I think the best illustration is to show the od -c output for a few .POT.pag files:
LANL2DZ.POT.pag:
0000000 \b \0 371 003 354 003 345 003 340 003 325 003 312 003 302 003
0000020 233 003 \0 \0 \0 \0 \0 \0 \0 \0 \0 \0 \0 \0 \0 \0
0000040 \0 \0 \0 \0 \0 \0 \0 \0 \0 \0 \0 \0 \0 \0 \0 \0
*
0001620 \0 \0 \0 \0 \0 \0 \0 \0 \0 \0 \0 004 \0 \0 002 D
0001640 A V : \0 h t t p : / / w w w . e
0001660 m s l . p n l . g o v / e c c e
0001700 : \0 M E T A D A T A \0 A U X I L
0001720 I A R Y \0 1 : c a t e g o r y \0
0001740 \0 e c p \0 1 : t y p e \0 \0 L A N
0001760 L 2 D Z E C P \0 1 : n a m e \0
0002000
SBKJC.POT.pag:
0000000 \b \0 371 003 356 003 347 003 342 003 327 003 314 003 304 003
0000020 235 003 \0 \0 \0 \0 \0 \0 \0 \0 \0 \0 \0 \0 \0 \0
0000040 \0 \0 \0 \0 \0 \0 \0 \0 \0 \0 \0 \0 \0 \0 \0 \0
*
0001620 \0 \0 \0 \0 \0 \0 \0 \0 \0 \0 \0 \0 \0 004 \0 \0
0001640 002 D A V : \0 h t t p : / / w w w
0001660 . e m s l . p n l . g o v / e c
0001700 c e : \0 M E T A D A T A \0 A U X
0001720 I L I A R Y \0 1 : c a t e g o r
0001740 y \0 \0 e c p \0 1 : t y p e \0 \0 S
0001760 B K J C E C P \0 1 : n a m e \0
0002000
Trial and error in making files for def2-svp has shown me that you can copy e.g. LANL2DZ.POT.pag to DEF2_ECP.POT.pag, and edit with vim (use binary mode -b) but that you'll need to add enough spaces to the name so that the files both end at the same place.
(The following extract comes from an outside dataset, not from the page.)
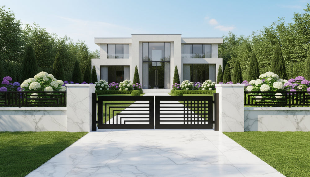 split-pattern driveway gate, geometric steel gate, modern and classical gate design, Canadian custom gate, Taimco architectural gate, marble column entrance, heavy-duty artistic gate, dual-panel estate gate
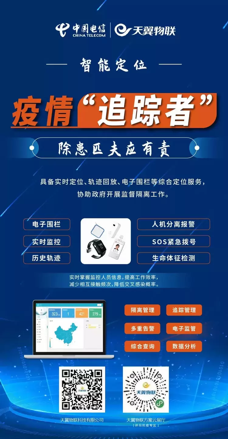 根据国务院部署的肺炎疫情防控工作,“不要出门”是最好的防疫,疑似人员需要定位、隔离和监控。在这场抗疫攻坚战中,做好自我约束,人人应有责。中国电信天翼物联构筑了具备实时定位、轨迹回放、电子围栏等功能的综合定位方案,通过手环、电子证件等多种形态的终端,实时掌握疑似感染人员的位置信息,以防其随意流动,提升监管工作效率。而针对确诊病人,可实现确诊前期行动轨迹查询,挖掘潜在的被感染者。

E.g. this works:
0000000 \b \0 371 003 354 003 345 003 340 003 325 003 312 003 302 003
0000020 233 003 \0 \0 \0 \0 \0 \0 \0 \0 \0 \0 \0 \0 \0 \0
0000040 \0 \0 \0 \0 \0 \0 \0 \0 \0 \0 \0 \0 \0 \0 \0 \0
*
0001620 \0 \0 \0 \0 \0 \0 \0 \0 \0 \0 \0 004 \0 \0 002 D
0001640 A V : \0 h t t p : / / w w w . e
0001660 m s l . p n l . g o v / e c c e
0001700 : \0 M E T A D A T A \0 A U X I L
0001720 I A R Y \0 1 : c a t e g o r y \0
0001740 \0 e c p \0 1 : t y p e \0 \0 d e f
0001760 2 - e c p \0 1 : n a m e \0
0002000
but this doesn't (removed a single space at the end of def2-ecp):
0000000 \b \0 371 003 354 003 345 003 340 003 325 003 312 003 302 003
0000020 233 003 \0 \0 \0 \0 \0 \0 \0 \0 \0 \0 \0 \0 \0 \0
0000040 \0 \0 \0 \0 \0 \0 \0 \0 \0 \0 \0 \0 \0 \0 \0 \0
*
0001620 \0 \0 \0 \0 \0 \0 \0 \0 \0 \0 \0 004 \0 \0 002 D
0001640 A V : \0 h t t p : / / w w w . e
0001660 m s l . p n l . g o v / e c c e
0001700 : \0 M E T A D A T A \0 A U X I L
0001720 I A R Y \0 1 : c a t e g o r y \0
0001740 \0 e c p \0 1 : t y p e \0 \0 d e f
0001760 2 - e c p \0 1 : n a m e \0
0001777
Note that the names should correspond to the names of the nwchem basis sets and/or files e.g. either 3-21gs or 3-21G*. Or LANL2DZ ECP or lanl2dz_ecp.
As far as I understand the solution will lie in how
WebDAV uses
.pag files. I don't know anything about that just yet though.
Anyway, that's it for now. There's now enough information to write your own scripts.